Leave out the pictures and retype, exactly, the lines below from the line with "Een kort laarsje" up to and including the line with "The students from", nothing more.
Segment Start: SUPPLIED ENTRIES
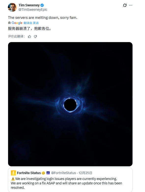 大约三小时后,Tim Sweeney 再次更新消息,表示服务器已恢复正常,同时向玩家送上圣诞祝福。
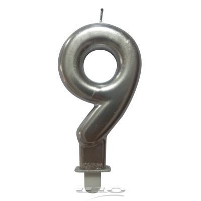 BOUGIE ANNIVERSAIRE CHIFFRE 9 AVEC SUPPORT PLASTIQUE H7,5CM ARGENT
Segment End: SUPPLIED ENTRIES
Segment Start: SUPPLIED ENTRIES
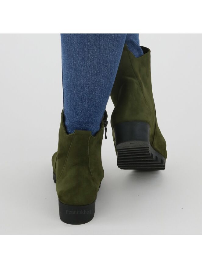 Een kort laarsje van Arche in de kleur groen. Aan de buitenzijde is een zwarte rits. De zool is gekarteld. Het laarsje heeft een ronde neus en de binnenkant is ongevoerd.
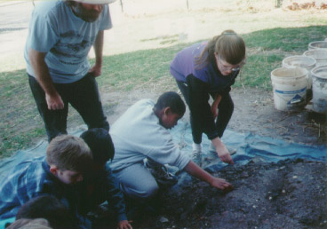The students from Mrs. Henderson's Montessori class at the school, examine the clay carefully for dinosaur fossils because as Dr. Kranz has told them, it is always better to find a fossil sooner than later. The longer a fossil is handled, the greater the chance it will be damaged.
Segment End: SUPPLIED ENTRIES
- SOLUTION -
 Een kort laarsje van Arche in de kleur groen. Aan de buitenzijde is een zwarte rits. De zool is gekarteld. Het laarsje heeft een ronde neus en de binnenkant is ongevoerd.
The students from Mrs. Henderson's Montessori class at the school, examine the clay carefully for dinosaur fossils because as Dr. Kranz has told them, it is always better to find a fossil sooner than later. The longer a fossil is handled, the greater the chance it will be damaged.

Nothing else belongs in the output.